Root mean squared deviation (RMSD) was calculated for the carbon backbone to determine how much the complex moved from its original position, showing overall stability. Root mean square fluctuation (RMSF) was calculated for each protein in the complex in each simulation to determine the average displacement of their residues. Radius of gyration (Rg) was calculated for each protein in the complex as a measure of each of their overall structural compactness throughout the simulation while interacting.
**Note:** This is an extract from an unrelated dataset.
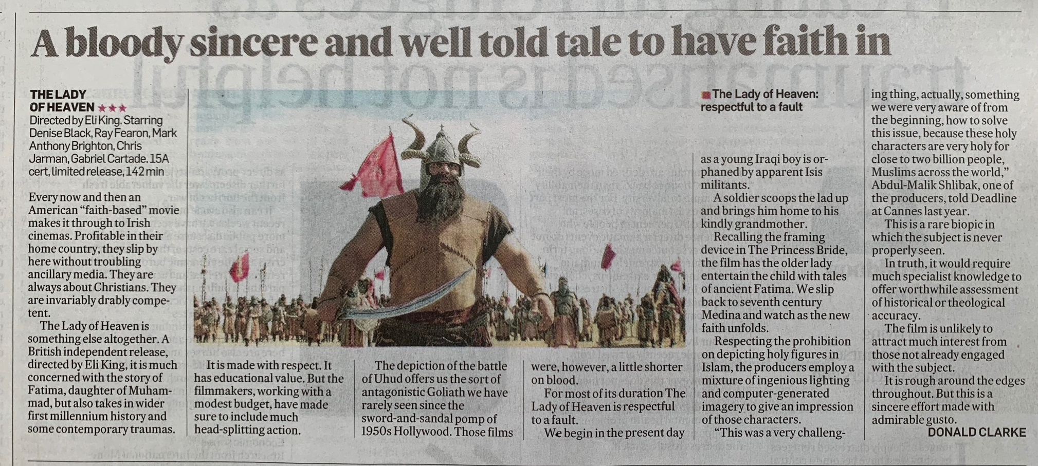 Donald Clarke, Irish Times, 29 April 2022, positively reviews an Islamic devotional film The Lady of Heaven. See trailer.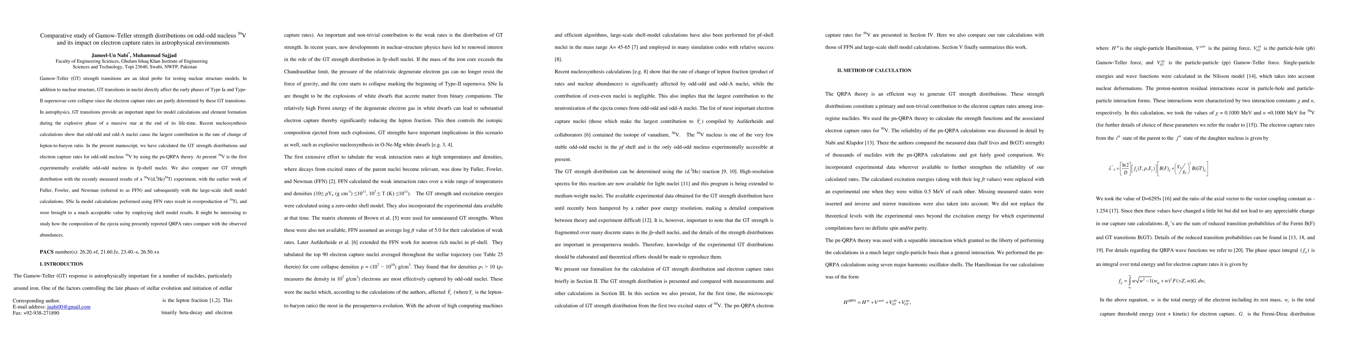Gamow-Teller (GT) strength transitions are an ideal probe for testing nuclear structure models. In addition to nuclear structure, GT transitions in nuclei directly affect the early phases of Type Ia and Type-II supernovae core collapse since the electron capture rates are partly determined by these GT transitions. In astrophysics, GT transitions provide an important input for model calculations and element formation during the explosive phase of a massive star at the end of its life-time. Recent nucleosynthesis calculations show that odd-odd and odd-A nuclei cause the largest contribution in the rate of change of lepton-to-baryon ratio. In the present manuscript, we have calculated the GT strength distributions and electron capture rates for odd-odd nucleus 50V by using the pn-QRPA theory. At present 50V is the first experimentally available odd-odd nucleus in fp-shell nuclei. We also compare our GT strength distribution with the recently measured results of a 50V(d,2He)50Ti experiment, with the earlier work of Fuller, Fowler, and Newman (referred to as FFN) and subsequently with the large-scale shell model calculations. One curious finding of the paper is that the Brink's hypothesis, usually employed in large-scale shell model calculations, is not a good approximation to use at least in the case of 50V. SNe Ia model calculations performed using FFN rates result in overproduction of 50Ti, and were brought to a much acceptable value by employing shell model results. It might be interesting to study how the composition of the ejecta using presently reported QRPA rates compare with the observed abundances.

gmx_MMPBSA software was used to calculate a per-residue decomposition analysis [27]. A MMGBSA (Generalized Born model) was used to produce energy values for the complex, the receptor KRAS /G13D), the ligand (SMARCA4), and the delta energy. The complex energy represented the bound state energy, and the receptor and ligand energies represented the unbound energies for KRAS /G13D and SMARCA4. The delta energy represented the overall binding strength. Delta energy (interaction energy) = Total Complex (bound state)—[Receptor + Ligand] (unbound states). Simulation energy values were represented in tables and graphs generated by the software.

Protein-drug docking

In-silico protein-drug dockings were accomplished using the CB-Dock2 server [28, 29]. The KRAS-wt, G13D, and SMARCA4 pdb files generated for the simulations were reused. The model structure for carbamazepine (ID: N6W) was downloaded from the RCSB database. The model structures for trans-carbamazepine diol and carbamazepine-o-quinone were created using the CB-Dock2 server ligand drawing function. KRAS-wt, G13D, and SMARCA4 were each uploaded to the server with each form of carbamazepine for cavity detection and docking. The CB-Dock2 server generated five possible binding conformations for each protein-drug pair, ranked by their energetic favorability. The highest ranked conformation was chosen for analysis.

Statistical analysis

Statistical analysis of western blot and qPCR data was performed using Microsoft™ Office Excel. For fold change, a two-tailed one-sample t-test was used. When comparing fold changes, a two-tailed two-sample t-test was used. Outliers were determined and removed using Iglewicz and Hoaglin’s outlier test with modified z-scores using the outlier criterion of a modified z-score ≥ 3.5.